Re: Leakproofness of texteq()/textne() - Mailing list pgsql-hackers

From Tom Lane
Subject Re: Leakproofness of texteq()/textne()
Date
Msg-id 30973.1568739609@sss.pgh.pa.us
Whole thread Raw
In response to Re: Leakproofness of texteq()/textne()  (Peter Eisentraut <peter.eisentraut@2ndquadrant.com>)
List pgsql-hackers
Peter Eisentraut <peter.eisentraut@2ndquadrant.com> writes:
> On 2019-09-16 06:24, Tom Lane wrote:
>> So it seems that the consensus is that it's okay to mark these
>> functions leakproof, because if any of the errors they throw
>> are truly reachable for other than data-corruption reasons,
>> we would wish to try to prevent such errors.  (Maybe through
>> upstream validity checks?  Hard to say how we'd do it exactly,
>> when we don't have an idea what the problem is.)

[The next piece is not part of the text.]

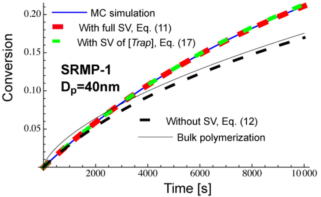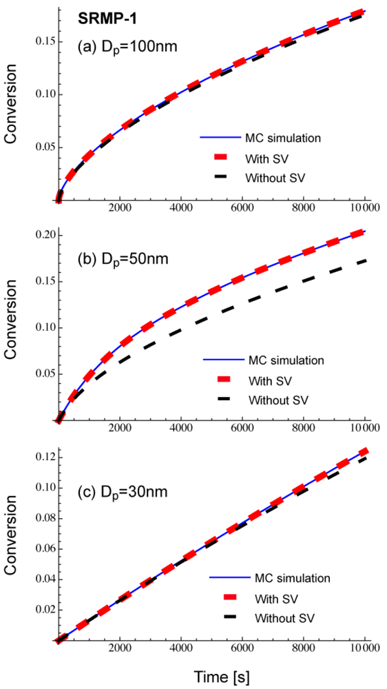 As shown in Figure 3, Equation (11) that accounts for the statistical variation agrees completely with the MC simulation results. On the other hand, when Equation (12) that does not account for the statistical variation of concentrations is used, clear deviation is observed for Dp = 50 nm, while the prediction from Equation (12) could be a reasonable approximation for Dp = 100 nm and 30 nm. Figure 3 shows there exists a particle size region for an SRMP in which the statistical variation among particles is vital. This region corresponds to the acceleration window observed for SRMP and ATRP [10,13,14].

> Yeah, it seems like as we expand our Unicode capabilities, we will see
> more cases like "it could fail here in theory, but it shouldn't happen
> for normal data", and the answer can't be to call all that untrusted or
> leaky.  It's the job of the database software to sort that out.
> Obviously, it will require careful evaluation in each case.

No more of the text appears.